Directions for this task:
Task for the records below: copy exactly from the first line on, stopping once the line with "03:28:06Der Streamer schaut" is copied, and leave out the pictures.

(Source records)
<<<<

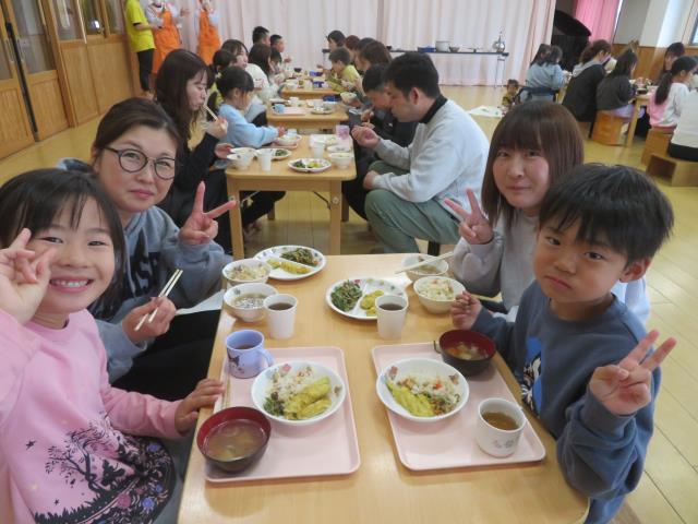 3月3日(火)に触れ合い会食がありました。献立は「さわらのカレーソテー、ピーマンともやしのナムル、かみかみ汁、麦茶」でした。何日も前からお父さん、お母さんと給食を食べることを心待ちにしていた子どもたち。当日はとても嬉しそうに沢山コミュニケーションを取りながら食べていました!保護者の皆様、お忙しい中ご参加いただきありがとうございました!
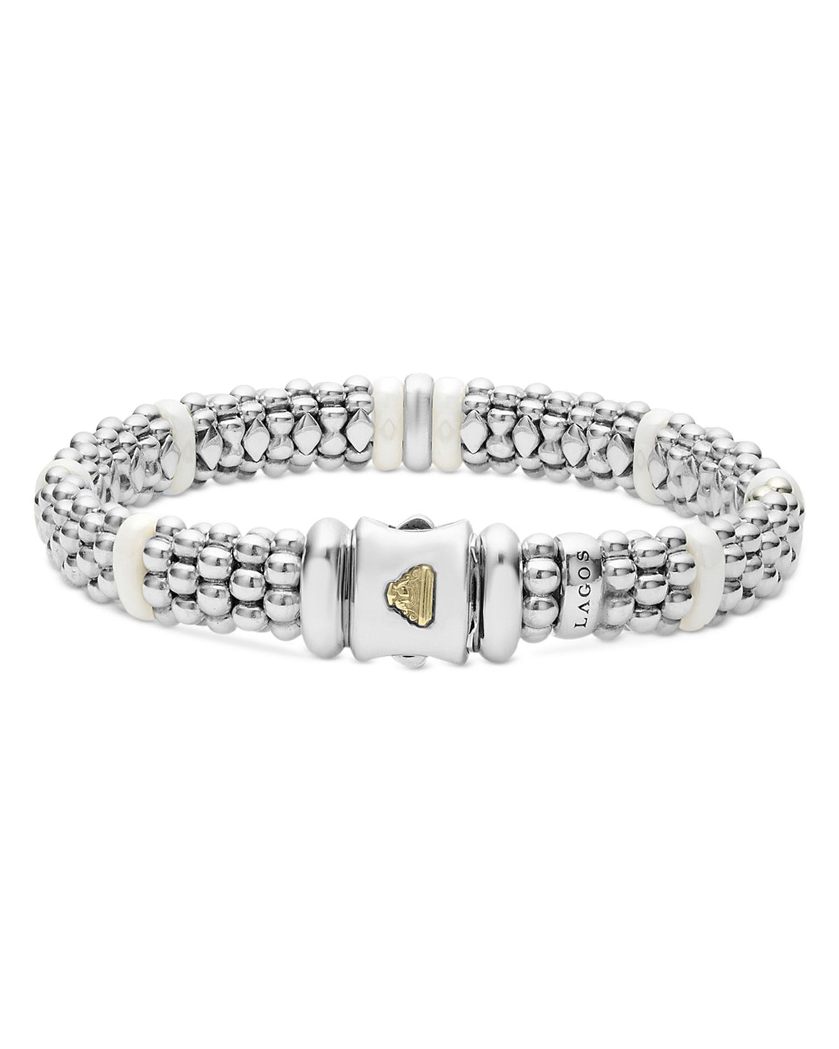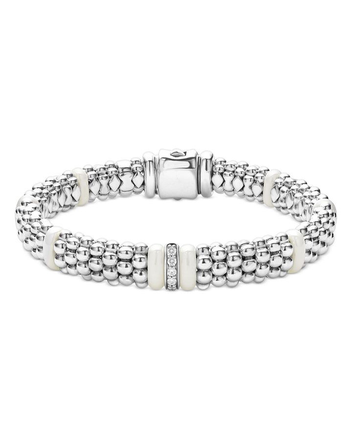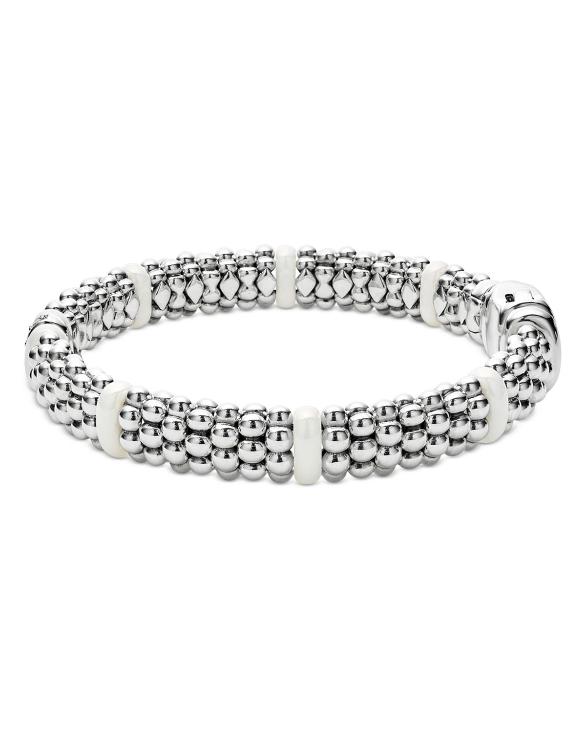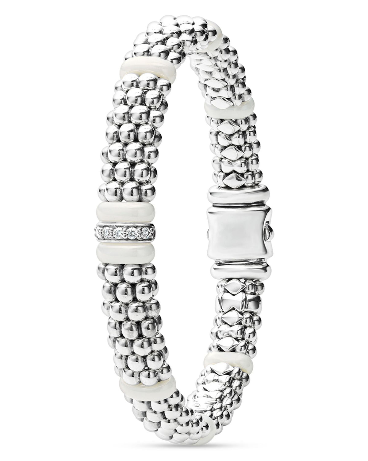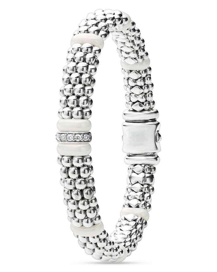 These Sterling Silver White Caviar Ceramic & Diamond Beaded Bracelets by LAGOS from the White Caviar collection combine sleek ceramic details with rows of sparkling pavé diamonds. A luxurious design that adds understated elegance to any outfit.
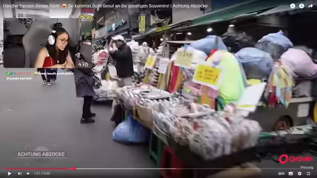 03:28:06Der Streamer schaut eine Folge der Reihe 'Achtung Abzocke', in der es um Preisunterschiede bei Ginseng-Produkten auf südkoreanischen Märkten geht. Es wird der massive Preisaufschlag für Touristen gegenüber einheimischen Kunden thematisiert. Im Anschluss folgt eine Recherche über Souvenirs, bei der sich der Streamer über sinnlose und teure Einkäufe ärgert und empfiehlt, auf echte Sehenswürdigkeiten statt auf abgekartete Touren zu setzen. Es wird diskutiert, dass Touristen in Innenstadtbereichen überhöhte Preise zahlen, während auf Großhandelsmärkten deutlich günstiger eingekauft werden kann. Die Touristenfalle Bustour wird ebenfalls als gescheitertes Experiment bezeichnet.
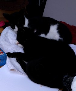 We were given tips on how to tell the different black and white kittens apart, I know the black fur round the noses was often important but I never entirely got the hang of it. However when it came to the two black kittens we were told ‘stroke him, if he purrs its Simon! Simon certainly knew how to make a good first impression carefully pulling his claws playing with my husband and purring his huge purr.
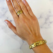Bangle: 11.6 mm widest point (center) x 6.8 mm (back) wide; 3.4 mm thickness (front) x 1.7 mm thickness (back)
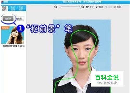 进入“自动抠图”界面,选择“抠前景”笔在需要的人物画面上涂抹即可(如果发生错误可以用“删背景”笔涂抹错误部分即可)。完成后单击“完成抠图”,
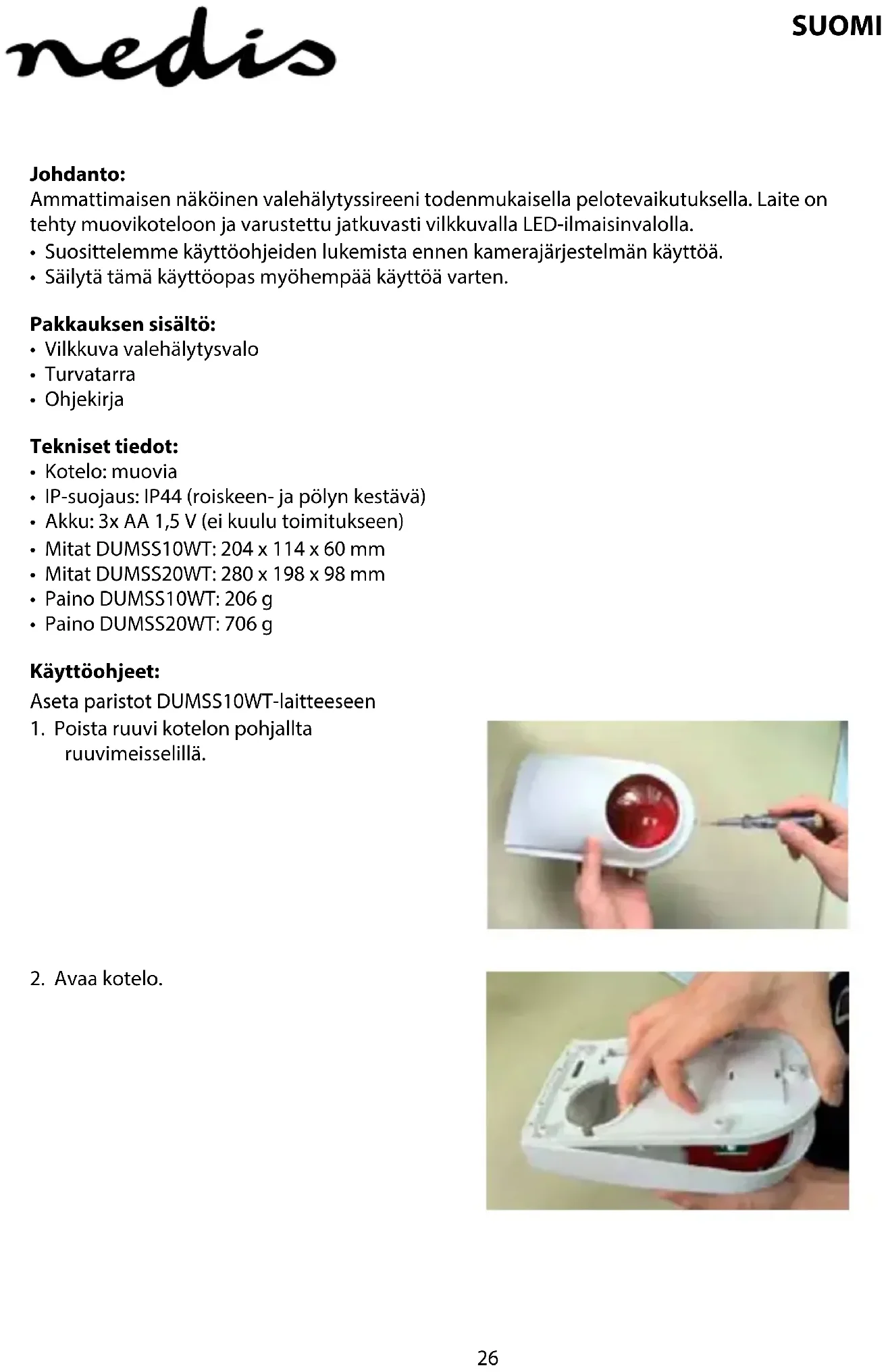 - Lisätietoja antaa jälleenmyyjä tai paikallinen jätehuollosta vastaava viranomainen. Tämä tuote on valmistettu ja toimitettu noudattaen kaikkia sitä koskevia asetuksia ja direktiivejä, jotka ovat voimassa kaikissa Euroopan unionin jäsenvaltioissa. Se täyttää myös kaikki myyntimaassa sovellettavat vaatimukset ja määräykset. Viralliset asiakirjat ovat saatavilla pyynnöstä. Asiakirjoihin sisältyvät seuraavat, mutta näihin rajoittumatta: Vaatimustenmukaisuusvakuutus (ja tuotteen tunniste), käyttöturvallisuustiedote, tuotteen testiraportti. Saat neuvoja ottamalla yhteyttä asiakaspalveluumme: verkkosivun kautta: http://www.nedis./-/ota-yhteytta/yhteyslomake.htm sähköpostilla: service@nedis.com puhelimitse: +31 (0)73-5991055 (toimistoaikoina) NEDIS B.V., De Tweeling 28, 5215 MC ’s-Hertogenbosch, ALANKOMAAT29 SVENSKA Introduktion: Prosig attrapp larmsiren med en avskräckande eekt. Tillverkad av ett plasthölje och försedd med en kontinuerligt blinkande LED-indikator.
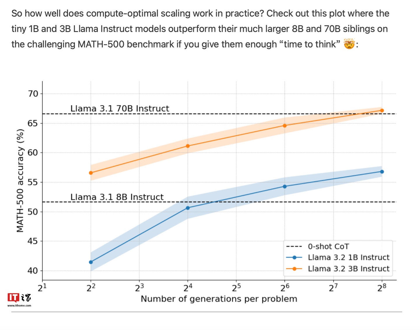 Hugging Face 团队表示,他们使用这种方法利用 10 亿参数的 Llama 模型进行数学基准测试,据称在某些情境下超越了参数量高达 70 亿的大型模型,证明了用时间提升模型输出内容效果做法可行。
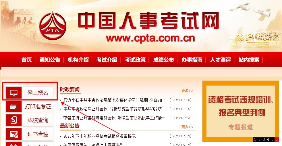 1.進(jìn)入“中國人事考試網(wǎng)”,點(diǎn)擊“網(wǎng)上報(bào)名”。

>>>>

Worked solution:
 3月3日(火)に触れ合い会食がありました。献立は「さわらのカレーソテー、ピーマンともやしのナムル、かみかみ汁、麦茶」でした。何日も前からお父さん、お母さんと給食を食べることを心待ちにしていた子どもたち。当日はとても嬉しそうに沢山コミュニケーションを取りながら食べていました!保護者の皆様、お忙しい中ご参加いただきありがとうございました!
 These Sterling Silver White Caviar Ceramic & Diamond Beaded Bracelets by LAGOS from the White Caviar collection combine sleek ceramic details with rows of sparkling pavé diamonds. A luxurious design that adds understated elegance to any outfit.
 03:28:06Der Streamer schaut eine Folge der Reihe 'Achtung Abzocke', in der es um Preisunterschiede bei Ginseng-Produkten auf südkoreanischen Märkten geht. Es wird der massive Preisaufschlag für Touristen gegenüber einheimischen Kunden thematisiert. Im Anschluss folgt eine Recherche über Souvenirs, bei der sich der Streamer über sinnlose und teure Einkäufe ärgert und empfiehlt, auf echte Sehenswürdigkeiten statt auf abgekartete Touren zu setzen. Es wird diskutiert, dass Touristen in Innenstadtbereichen überhöhte Preise zahlen, während auf Großhandelsmärkten deutlich günstiger eingekauft werden kann. Die Touristenfalle Bustour wird ebenfalls als gescheitertes Experiment bezeichnet.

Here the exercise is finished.